Le poisson nous avait vomis sur une plage de sable blond au milieu de nulle part. Je me dirigeais vers la dune qui me barrait la vue. Je la gravis. J’étais au bord d’un désert. Le vent venait de la mer. Il était assez fort et soulevait des petits nuages me fouettant les jambes. Je lui tournais le dos et me laissais pousser vers l’intérieur. Quelques maigres pousses parsemaient le sable, s'accrochant au sol de toute la force de leurs racines. Je vis au loin, des formes qui m’évoquèrent un troupeau. Elles m’attirèrent. En m’approchant, je distinguais mieux. C’était du petit bétail. Leurs cris me parvinrent avant que je puisse les détailler. Un homme, surgi de nulle part, se dressa devant moi. Sa peau était sombre sans être noire. Il tenait une lance à la main. Je montrais mes mains vides en signe de paix.
Il me dit en me barrant la route :
- Attends !
Il émit un long sifflement. J’en déduis qu’il devait prévenir. Nous attendîmes un moment la réponse. En l’entendant, il me sourit :
- Va, le maître sera heureux de te voir. Sa tente est un peu plus loin.
Je repris ma marche. J’avais l’espoir d’arriver bientôt. Il fut déçu. Après une dune venait une colline qui précédait une autre dune. Un autre berger me vit. Il ne s’approcha pas. Simplement il tendit le bras vers là où je devais aller. Alors que je commençais à trouver le temps long, je vis, du haut d’une dune, le campement.
Alors que je descendais la dernière dune, un vieillard sortit de la tente près d’un arbre qui, bien que tordu, poussait vigoureusement. Le vieil homme avait son bâton à la main. Vu sa démarche, ce bâton était plus un signe de pouvoir qu’une aide à la marche. Il vint vers moi :
- Veuille ne pas passer loin de ton serviteur. Viens et repose-toi sous cet arbre. Tu pourras prendre un peu de pain et de repos avant de continuer plus loin.
Je me retrouvais assis sur des coussins posés sur un tapis au pied d’un chêne qui avait poussé là, malgré les difficultés. Quelqu’un m’avait lavé les pieds pour enlever la poussière du désert. Quelques dattes avaient été posées juste à côté de ma main. Le vieillard me faisait la conversation pendant que des serviteurs s’agitaient autour de nous. Le soir arriva avant que je n’ai pu repartir. Je vis arriver un chevreau rôti ainsi que des galettes. Je lui racontais mon périple. Le vieil homme, ses serviteurs et ses bergers m’écoutèrent avec attention, s’étonnant de l’étrangeté de mon récit. Les mots comme ordinateur ne leur disaient rien. Par contre les cavaliers ou les monstres leur semblèrent plus familier. Quand je parlais du signe sur mon front, le vieillard hocha la tête :
- Il te faudra marcher vers l’Horeb…
De sa main, il me montra une direction.
- … là, dans le souffle ténu, tu auras ce que tu cherches. Je te donnerai un guide car tu es étranger au pays.
Puis, il me raconta son histoire, comment il était parti de son pays, comment il avait prospéré en écoutant cette voix étrange qui lui parlait et comment il s’était séparé de son neveu quand leurs troupeaux étaient devenus trop nombreux pour la terre qu’ils foulaient. À ma question sur ce qu’était devenu son neveu, il me répondit :
- Il a levé les yeux et regardé le pays. Il a trouvé que la plaine et ses villes étaient riches et agréables à regarder. Il réside maintenant à Sodome.

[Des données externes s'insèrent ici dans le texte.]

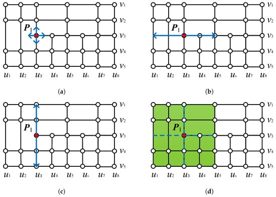 The knot interval vectors corresponding to the control point : (a) traveling from the ; (b) u-direction knot interval vector; (c) v-direction knot interval vector; (d) domain of definition associated with the control point .
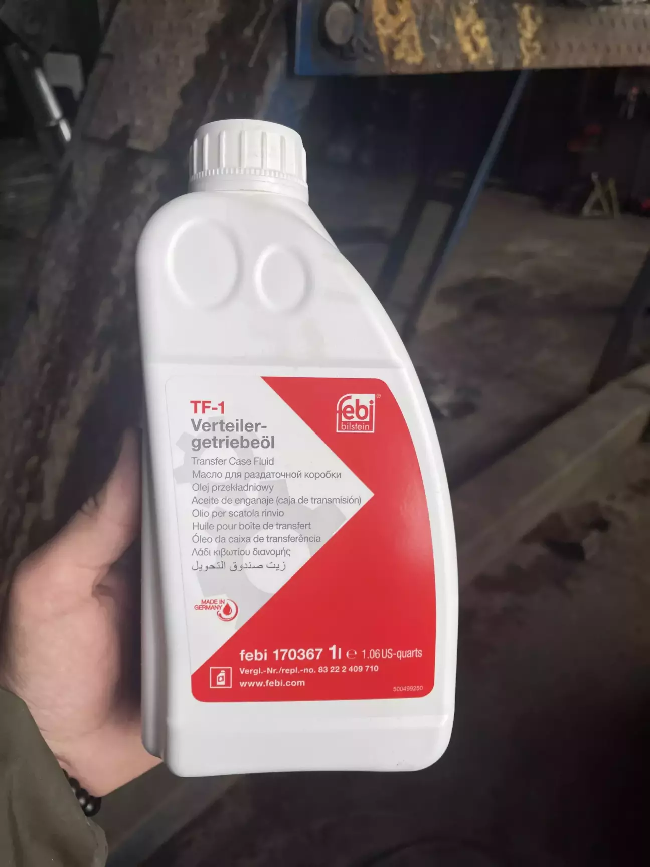Далі замінили мастило в роздатці. Якщо з мостів злилось можна сказати чисте мастило то з роздатки злилось на колір як болото, про попередню заміну мови не було… не дарма я вирішив замінити всі мастила. Злилось 0.5л, а залили по рівні 0.8л. Варіант мастила був оригінал 4800грн за 1л. або ж FEBI TF-1 850грн за 1л. Вирішили взяти на пробу Фебі і по весні замінити ще раз і за одно подивитись на якість мастила.
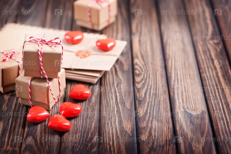 Коробка для подарка и сердца
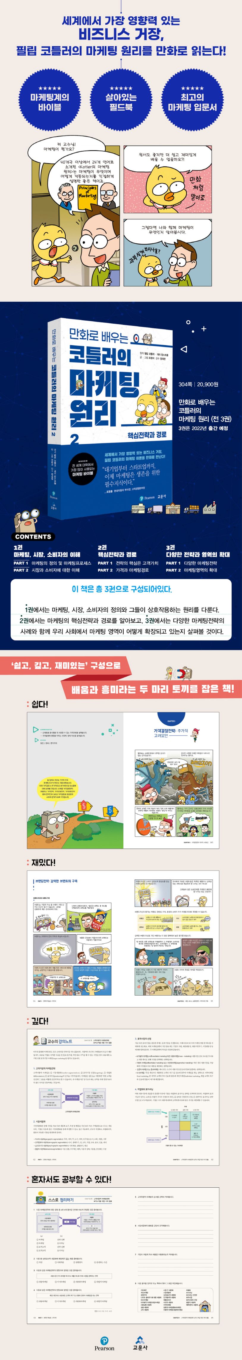 1권 ‘마케팅, 시장, 소비자의 이해’에 이어, 2권 ‘핵심전략과 경로’가 출간되었다. 주요 등장인물은 마케팅 전공 교수 ‘리원’, 학부생 ‘삐약’, 조교 ‘멍군’과 취재원 ‘시리포터’이다. 이들이 한데 모여 목표고객을 위해 가치를 만들고 전달하는 ‘마케팅의 핵심전략’과 ‘마케팅경로’에 관해 묻고 대답하며 답을 찾아가는 과정이 펼쳐진다. 모든 이야기는 만화가 조립식의 손을 통해 통통 튀는 선과 선명한 색채, 재치 있는 대화로 표현된다.

Le nom résonna négativement en moi. Je fis la grimace. En me voyant ainsi réagir, le vieil homme reprit la parole :
- Le cri qui monte de Sodome est grand. Les pauvres y sont maltraités et l’étranger n’y est pas accueilli. Mon neveu ne connaît pas la paix que je connais près de mon arbre.
Il sembla, après avoir dit cela, s’enfoncer dans une méditation, les yeux fixés sur le feu. Je me retins de parler et fit de même.

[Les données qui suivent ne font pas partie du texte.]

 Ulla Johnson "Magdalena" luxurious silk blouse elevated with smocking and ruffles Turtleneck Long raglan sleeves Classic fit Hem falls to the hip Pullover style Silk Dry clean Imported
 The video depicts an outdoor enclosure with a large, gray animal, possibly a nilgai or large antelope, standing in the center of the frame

Quand je sortis de cet état, le jour était levé. J’étais seul allongé sur le tapis. Je me dressais sur mon séant. Un homme s’approcha vivement.
- Mon nom est Sedma. Je suis envoyé par Abraham, mon maître, pour te guider jusqu’à l’Horeb.
Je me mis debout. À ce moment-là, le vieil homme sortit de sa tente. Sedma se précipita pour le saluer.
Après lui avoir rendu son salut, Abraham s’approcha de moi :
- Le soleil se lève pour toi aujourd’hui. Que tes pas soient bénis.